[Available data Boundary: Start]

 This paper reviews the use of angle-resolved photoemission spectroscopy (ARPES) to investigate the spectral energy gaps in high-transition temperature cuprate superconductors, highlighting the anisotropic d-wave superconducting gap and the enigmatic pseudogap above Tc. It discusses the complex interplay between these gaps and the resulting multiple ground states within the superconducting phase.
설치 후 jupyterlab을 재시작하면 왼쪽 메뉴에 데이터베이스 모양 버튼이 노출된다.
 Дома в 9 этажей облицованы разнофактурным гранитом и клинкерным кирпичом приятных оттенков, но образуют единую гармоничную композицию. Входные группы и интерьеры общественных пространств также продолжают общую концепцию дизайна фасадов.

[Available data Boundary: End]
[Available data Boundary: Start]

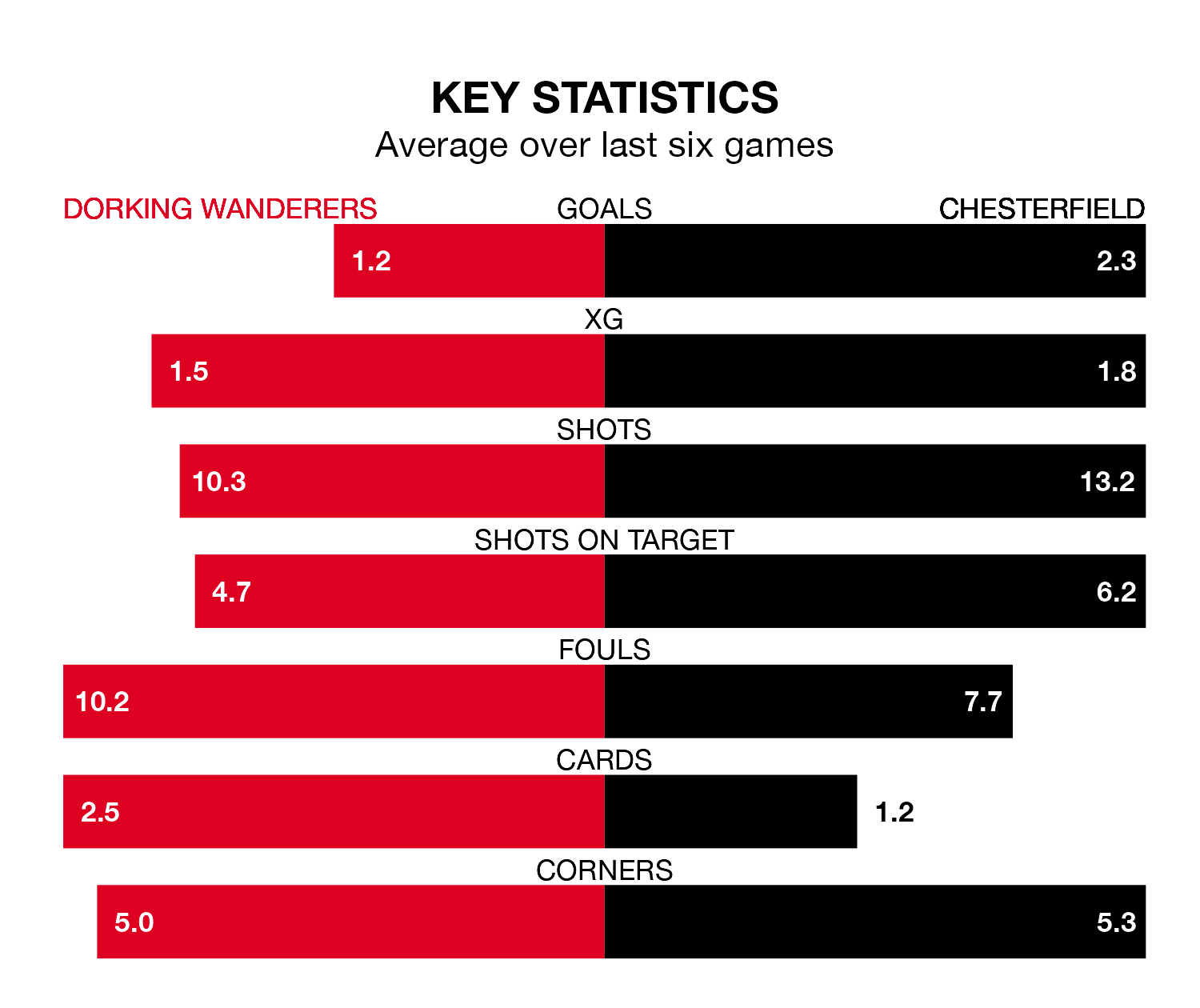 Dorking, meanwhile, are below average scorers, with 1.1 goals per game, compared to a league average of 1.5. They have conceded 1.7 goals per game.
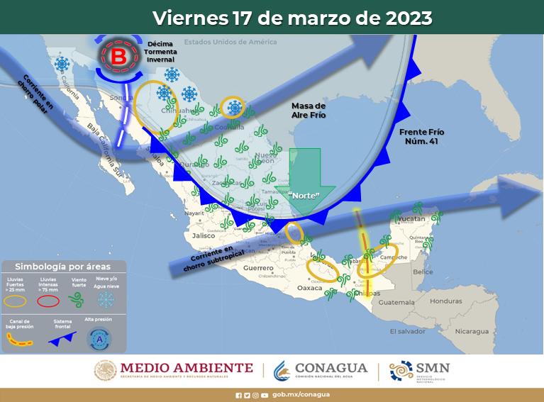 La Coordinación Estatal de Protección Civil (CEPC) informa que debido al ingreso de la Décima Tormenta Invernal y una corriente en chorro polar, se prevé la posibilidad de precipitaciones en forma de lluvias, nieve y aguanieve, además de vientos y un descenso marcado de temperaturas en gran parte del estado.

[Available data Boundary: End]

(Work to be completed)
For the lines above, output exactly those from the line containing "This paper reviews" through the line containing "Дома в 9 этажей", and skip the others.

(Your solution)
 This paper reviews the use of angle-resolved photoemission spectroscopy (ARPES) to investigate the spectral energy gaps in high-transition temperature cuprate superconductors, highlighting the anisotropic d-wave superconducting gap and the enigmatic pseudogap above Tc. It discusses the complex interplay between these gaps and the resulting multiple ground states within the superconducting phase.
설치 후 jupyterlab을 재시작하면 왼쪽 메뉴에 데이터베이스 모양 버튼이 노출된다.
 Дома в 9 этажей облицованы разнофактурным гранитом и клинкерным кирпичом приятных оттенков, но образуют единую гармоничную композицию. Входные группы и интерьеры общественных пространств также продолжают общую концепцию дизайна фасадов.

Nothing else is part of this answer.